(Entries taken from a collection)
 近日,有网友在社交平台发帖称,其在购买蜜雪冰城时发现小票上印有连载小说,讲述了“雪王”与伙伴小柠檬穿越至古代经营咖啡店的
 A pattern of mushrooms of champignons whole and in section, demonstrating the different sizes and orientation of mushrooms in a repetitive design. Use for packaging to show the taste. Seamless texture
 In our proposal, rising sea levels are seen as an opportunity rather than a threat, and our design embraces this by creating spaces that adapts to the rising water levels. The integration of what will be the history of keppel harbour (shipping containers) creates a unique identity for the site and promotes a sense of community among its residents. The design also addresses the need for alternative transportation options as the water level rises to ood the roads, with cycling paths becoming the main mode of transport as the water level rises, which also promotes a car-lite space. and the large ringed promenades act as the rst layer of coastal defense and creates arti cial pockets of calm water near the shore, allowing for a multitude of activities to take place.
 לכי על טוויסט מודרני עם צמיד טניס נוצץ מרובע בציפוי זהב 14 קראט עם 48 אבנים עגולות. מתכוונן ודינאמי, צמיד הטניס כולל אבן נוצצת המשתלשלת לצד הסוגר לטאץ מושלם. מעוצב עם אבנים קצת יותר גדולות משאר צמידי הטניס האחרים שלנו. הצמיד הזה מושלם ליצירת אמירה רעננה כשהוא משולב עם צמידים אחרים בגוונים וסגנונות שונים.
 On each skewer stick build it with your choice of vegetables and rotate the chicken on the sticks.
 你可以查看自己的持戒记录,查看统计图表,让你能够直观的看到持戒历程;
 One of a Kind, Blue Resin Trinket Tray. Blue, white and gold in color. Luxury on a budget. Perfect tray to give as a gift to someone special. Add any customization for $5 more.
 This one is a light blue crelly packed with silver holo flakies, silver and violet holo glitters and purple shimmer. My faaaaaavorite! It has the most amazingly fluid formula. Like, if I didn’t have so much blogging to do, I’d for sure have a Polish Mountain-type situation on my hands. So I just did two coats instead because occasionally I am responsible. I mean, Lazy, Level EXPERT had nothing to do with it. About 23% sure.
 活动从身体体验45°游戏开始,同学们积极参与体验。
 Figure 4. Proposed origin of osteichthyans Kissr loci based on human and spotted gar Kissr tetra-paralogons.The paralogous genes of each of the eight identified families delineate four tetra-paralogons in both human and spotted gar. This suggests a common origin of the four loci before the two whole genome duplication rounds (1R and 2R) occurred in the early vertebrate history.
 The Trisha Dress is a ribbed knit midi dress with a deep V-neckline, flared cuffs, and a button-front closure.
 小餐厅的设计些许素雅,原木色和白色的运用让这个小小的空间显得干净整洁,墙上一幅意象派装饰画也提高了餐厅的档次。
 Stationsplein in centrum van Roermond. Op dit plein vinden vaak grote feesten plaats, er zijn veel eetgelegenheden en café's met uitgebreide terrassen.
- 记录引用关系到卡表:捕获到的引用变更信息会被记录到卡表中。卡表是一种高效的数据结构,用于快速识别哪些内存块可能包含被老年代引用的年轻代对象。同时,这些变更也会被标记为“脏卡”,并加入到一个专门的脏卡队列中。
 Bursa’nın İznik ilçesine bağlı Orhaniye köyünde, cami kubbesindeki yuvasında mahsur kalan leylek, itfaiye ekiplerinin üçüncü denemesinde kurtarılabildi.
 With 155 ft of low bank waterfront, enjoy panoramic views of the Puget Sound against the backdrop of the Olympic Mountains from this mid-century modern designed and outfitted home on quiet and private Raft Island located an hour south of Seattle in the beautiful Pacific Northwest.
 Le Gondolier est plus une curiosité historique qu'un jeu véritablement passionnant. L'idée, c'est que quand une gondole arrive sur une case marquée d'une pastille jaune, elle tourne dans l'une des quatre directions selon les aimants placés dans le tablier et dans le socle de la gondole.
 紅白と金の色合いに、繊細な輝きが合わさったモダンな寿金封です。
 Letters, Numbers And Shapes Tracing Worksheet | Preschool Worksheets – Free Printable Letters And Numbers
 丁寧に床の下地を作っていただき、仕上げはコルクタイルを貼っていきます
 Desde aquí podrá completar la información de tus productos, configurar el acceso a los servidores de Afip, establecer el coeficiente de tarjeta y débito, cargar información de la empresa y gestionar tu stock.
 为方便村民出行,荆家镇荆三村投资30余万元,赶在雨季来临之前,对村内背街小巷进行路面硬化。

- **Exercise**
Reproduce, word for word and in full, only the lines above that start at the line with "Le Gondolier est" and run through the line with "丁寧に床の下地を作っていただき、仕上げはコルクタイルを貼っていきます", both ends included.

- **The completed task**
 Le Gondolier est plus une curiosité historique qu'un jeu véritablement passionnant. L'idée, c'est que quand une gondole arrive sur une case marquée d'une pastille jaune, elle tourne dans l'une des quatre directions selon les aimants placés dans le tablier et dans le socle de la gondole.
 紅白と金の色合いに、繊細な輝きが合わさったモダンな寿金封です。
 Letters, Numbers And Shapes Tracing Worksheet | Preschool Worksheets – Free Printable Letters And Numbers
 丁寧に床の下地を作っていただき、仕上げはコルクタイルを貼っていきます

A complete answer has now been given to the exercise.